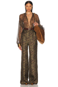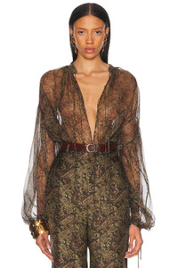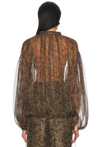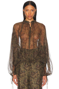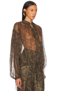 Details - 96% silk 4& metallized fibers - Dry clean only - Front tie closure - Adjustable tie hem - Allover metallic detailing - Lightweight satin fabric - Item not sold as a set - Garment is intentionally sheer, undergarments will show through. - This item is not available to ship to Indonesia - Made in Italy - Our Style No. SLAU-WS453 - Manufacturer Style No. 830837-Y7K01-1355
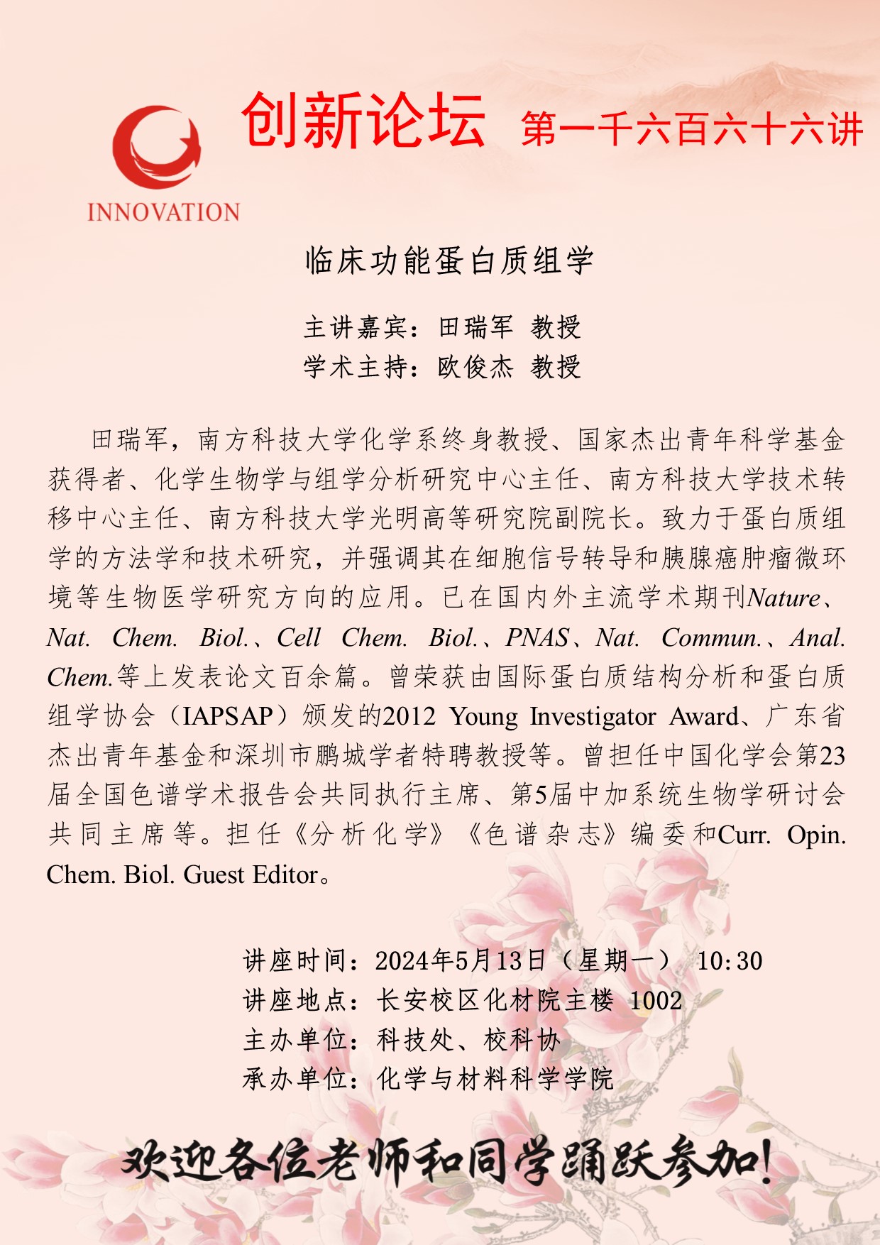 田瑞军 教授 bat365正版唯一官网创新论坛第一千六百六十六讲:临床功能蛋白质组学 讲座时间 2024年5月13日(星期一) 10:30 讲座地点 长安校区化材院主楼 1002 讲座人介绍 田瑞军 教授 讲座内容
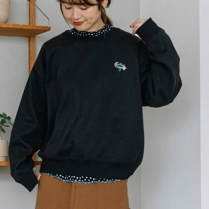New 26 Japanese Sle Long Sve Embroidered Dog Fi Bird Casual Loose Fit Sweater for Women round Ne Cotton Sweatirt
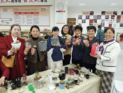 “这个是装鸡蛋的小竹筐,这个是外卖塑料盒,我把它俩搭配在一起,加上这几株精美小巧的多肉,组合起来挺不错的吧。”“我照着网上的教学视频,拿废旧的洗衣液瓶子裁剪出来了一个花盆,既达到了资源循环使用的目的,也扮靓了我们的家。”来自铂悦府小区的阿姨们各自分享着劳动成果。大家挑选自己满意的多肉,去除根部的杂土,再在盆内重新填上营养土,将修根后的多肉种植进去,再盖上一层石子,最后一盆盆精美的多肉被整齐地摆放出来。
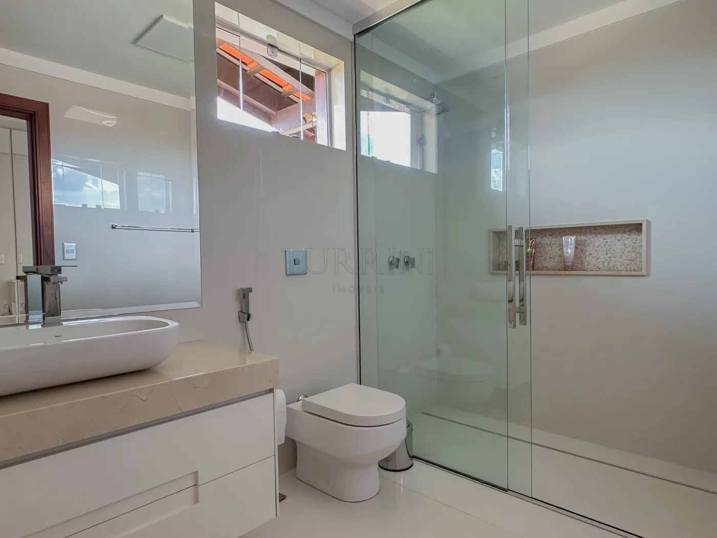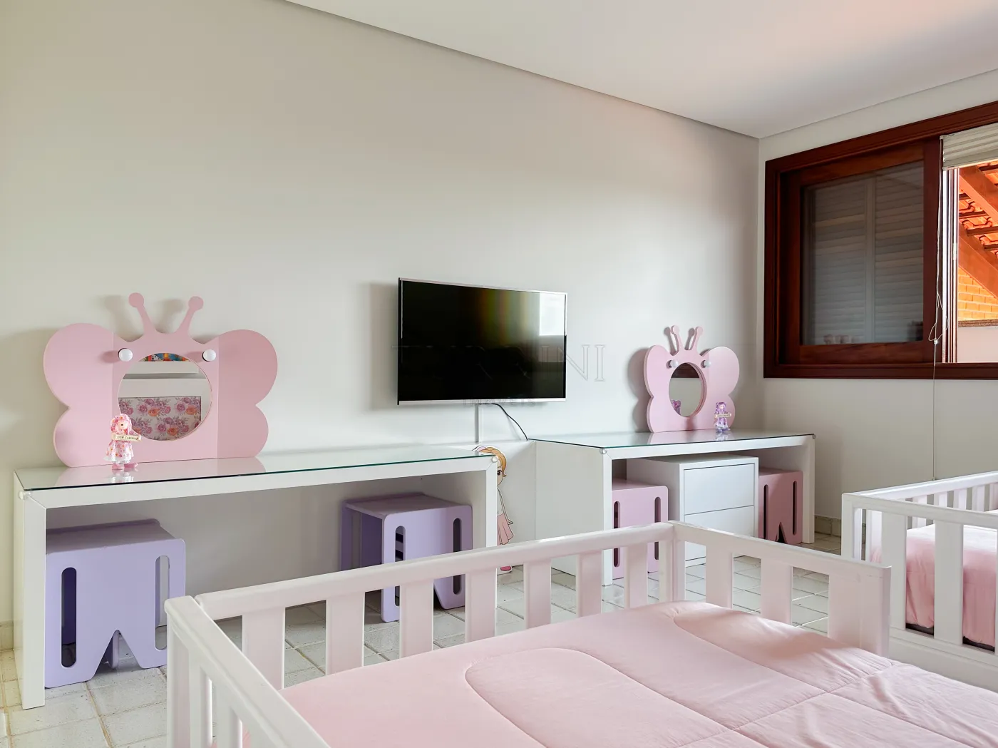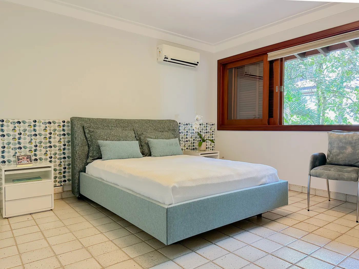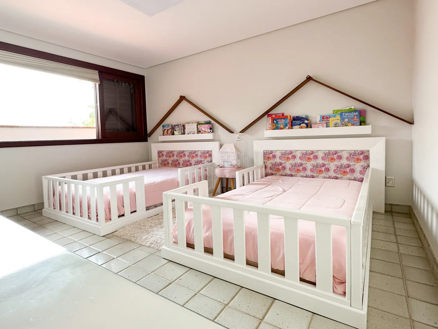 Na frente da casa estão a suíte do casal, localizada ao centro, e duas amplas suítes, uma em cada lateral.
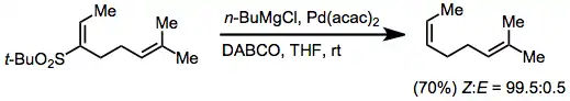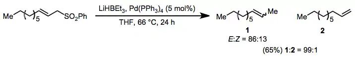 A significant issue associated with the reduction of allylic sulfones is transposition of the allylic double bond, which occurs in varying amounts during reductions by metal amalgams.[14] and tin hydrides[15] Palladium-catalyzed reductive desulfonylations of allylic sulfones do not have this issue, and afford allylic sulfones with high site and stereoselectivity.[8]
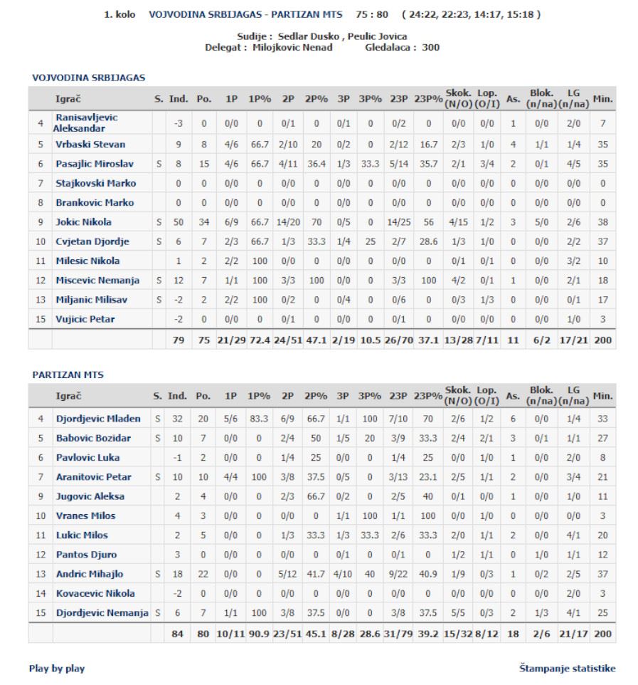 Meč Partizana i Vojvodine u tada juniorskoj ligi Srbije obilježio je upravo Jokić, koji je u porazu svog tima (80:75), utakmicu protiv “crno-bijelih” okončao sa indeksom 50.
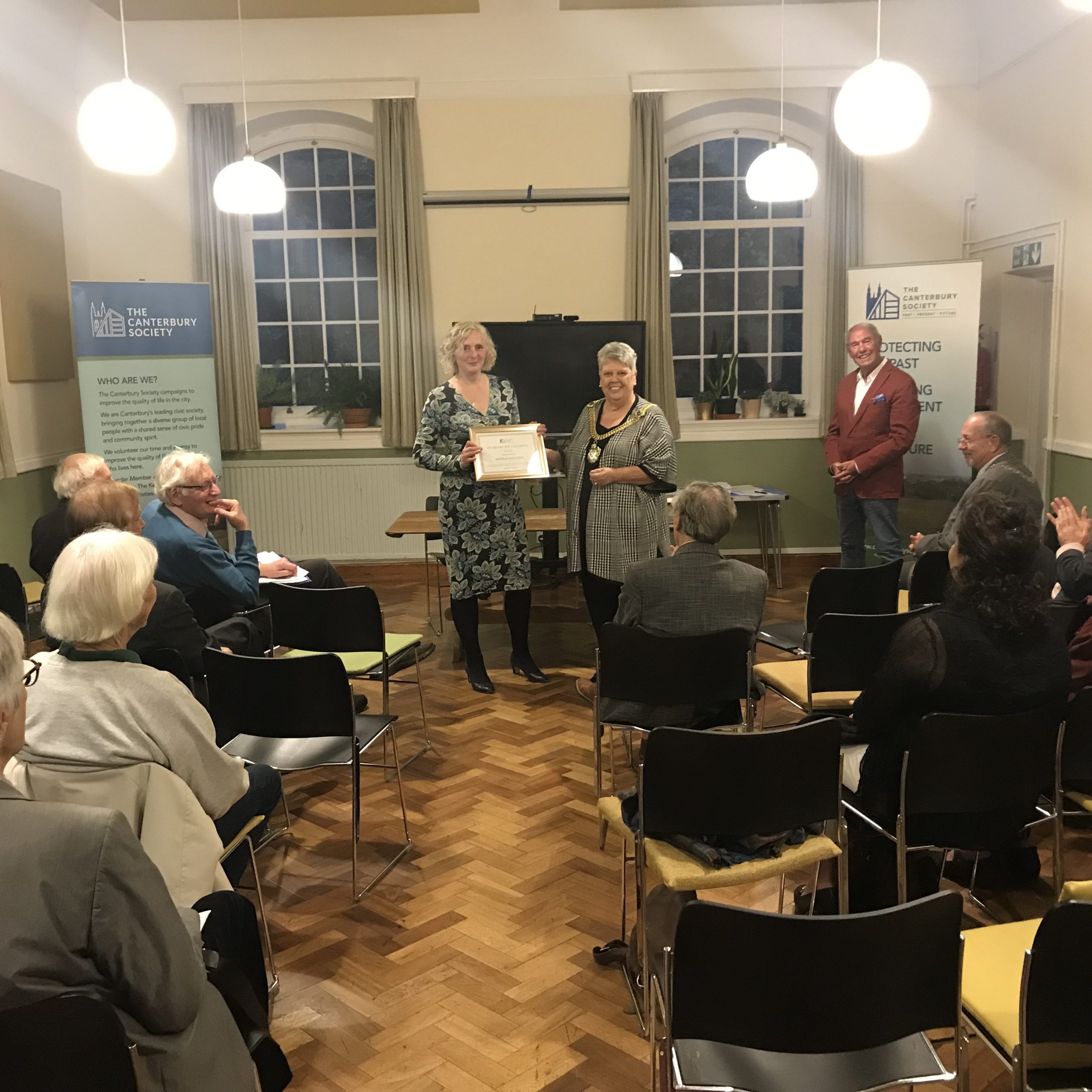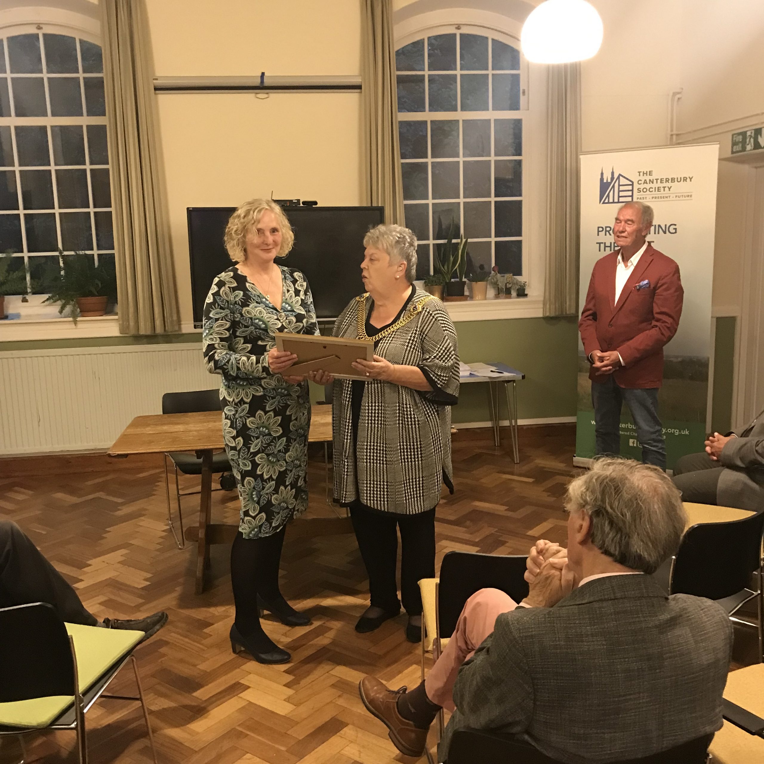 Civic Champion Award presented to Angela Gardiner of the Canterbury Foodbank by the Worshipful Lord Mayor at the AGM of the Canterbury Society 21stSeptember

▶ [YOUR GOAL]: Set out nothing but the lines from the line with "Meč Partizana i" through the end of the material, reproduced exactly, both ends included, pictures omitted.

▶ [EXERCISE SOLUTION]:
 Meč Partizana i Vojvodine u tada juniorskoj ligi Srbije obilježio je upravo Jokić, koji je u porazu svog tima (80:75), utakmicu protiv “crno-bijelih” okončao sa indeksom 50.
 Civic Champion Award presented to Angela Gardiner of the Canterbury Foodbank by the Worshipful Lord Mayor at the AGM of the Canterbury Society 21stSeptember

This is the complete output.